We bought into DRI last year from DRI. We paid substantially less than their advertised retail price. We bought in the Hawaiian Collection. When you buy DRI resell on the secondary markets you are restricted to using those points only in their home collection ie US Collection, Hawaiian Collection, etc unless you do a trade through RCI or II. Within 45 days of buying we had 2 weeks in France 
booked a week in Normandy and a week in Royal Regency in Vincennes, Paris. We bought for easy access to Europe, Asia, and Africa without having to do a trade through RCI or II. We also have the ability to trade weeks in our primary timeshare Worldmark for DRI Points for substantially less than a Trade Fee 
through RCI or II. I have spend time learning how to do this and I can trade 14000 WM Points and end up with 15000 DRI Points. We can book directly with DRI into any DRI location - Home Collection 13 months out and other DRI locations 10 months out. So there are pluses to buying from DRI.


----------



## Michael1991 (Mar 29, 2016)

geist1223 said:


> ...When you buy DRI resell on the secondary markets you are restricted to using those points only in their home collection ie US Collection, Hawaiian Collection, etc unless you do a trade through RCI or II.
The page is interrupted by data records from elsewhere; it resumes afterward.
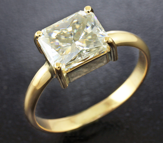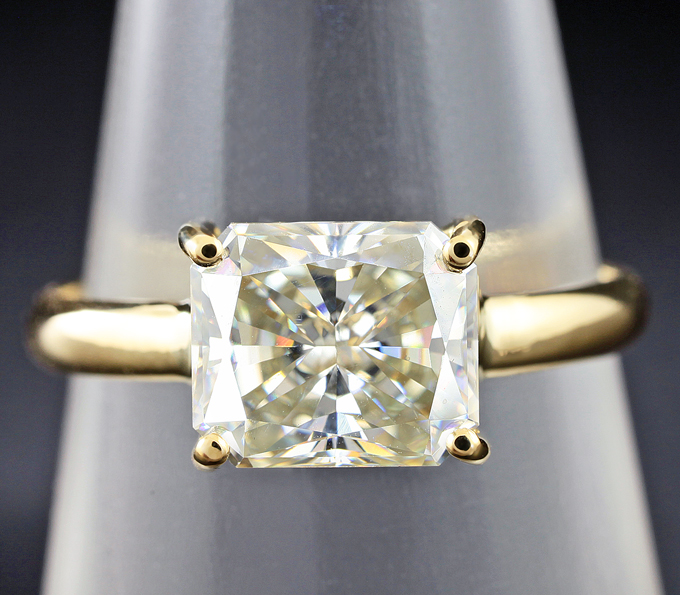 Вашему вниманию предлагается кольцо из золота 750 пробы с бесцветным муассанитом! Площадка 9 х 7 мм, высота 4 мм. Вес изделия 2,5 г. Размер 17,5. Ниже приводятся ювелирные характеристики вставки.
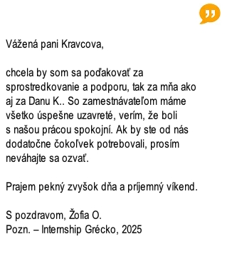 Na našej FB stránke nájdete ďalšie referencie a hodnotenia uchádzačov. Vycestovali ste za prácou cez nás? Ohodnoťte aj vy naše služby na facebooku . Sme vďační za každú referenciu!
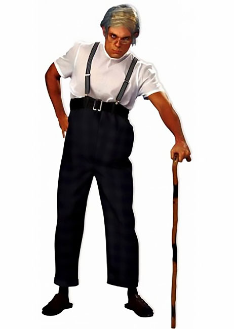 Интересная идея современного костюма — дяди Берта. Сделать такой совсем просто. Наряд состоит из штанов и подтяжек, домашних тапок и трости. Все это найдется в доме у каждого «оригинала», обдумывающего идеи для новогодних переодеваний. Используйте серебряный лак для «седины» в волосах и очки.

Resale point in the US, Hawaii or California collections cannot be used for exchange reservations with Interval International nor RCI.


----------



## clifffaith (Mar 29, 2016)

We LOVE the Royal Regency.  (Normandy not so much -- as gorgeous as the setting is, just too far out in the boondocks for us).  We've been to the RR half a dozen times, and boy did it come in handy the last time.  We were in Berlin, both sick, and there was a train strike on.  We were supposed to go on to Cologne but couldn't get there, and our plane home was from CDG.  Checked the website and we were able to book a room for two nights at the very last minute so that we could fly in and position ourselves to be able to catch our flight.  Spent the two days in bed except for pastry runs -- don't care how sick I am, I'm never too sick for French pastry!


----------



## awa (Mar 29, 2016)

*Something good*

It makes me sad that it's so hard to find people with good things to say. We are gold owners who picked up 20k resale points and bought 10k developer points at 2.50/pt to "clean" them and bring them into the club. They say the price per point now is $8 and that foreigners put themselves on waiting lists to have the chance to buy. Please. The sales presentations really are horrible. I don't wish them on anyone. But we have really enjoyed the resorts. All of them actually. As someone else said, their website is pretty good. You can do a lot without having to talk to a person. And if you learn the system you can get some great deals. We are happy and are even thinking about trying to get to platinum (I'm going to post the scenario and ask for advice separately). 
Unfortunately I didn't do a lot of research into other companies before engaging with DRI. We started with the sampler like you. I could share in more detail how I would do it differently if I could do it over, but the bottom line is that I would still do it.


----------



## artringwald (Mar 30, 2016)

dougp26364 said:


> Anything good to say? They have a good system using points to reserve timeshare units in a great variety of places. Overall they have consistent quality that can be relied on. They're online owner site is one of the better sites making it easy to search for and book reservations.
> 
> Now the bad: they're maintence fees rival those of the top brands without giving owners the same quality. Their resorts are in great destinations but, aren't typically located in prime locations. To use their internal system you have to pay their club dues, which is a pure management fee and is possibly the most expensive in the industry. Because of their trust ownership system, they control virtually all the resort HOA's, meaning owners have no say in the management/direction of the resort. They have a poison pill for resale points making this value nearly ZERO on the open market and making it difficult to rid yourself of your ownership when the time comes. Once you buy in, you re at their mercy.
> 
> Enjoy the sampler, then stay away from buying anything more from DRI.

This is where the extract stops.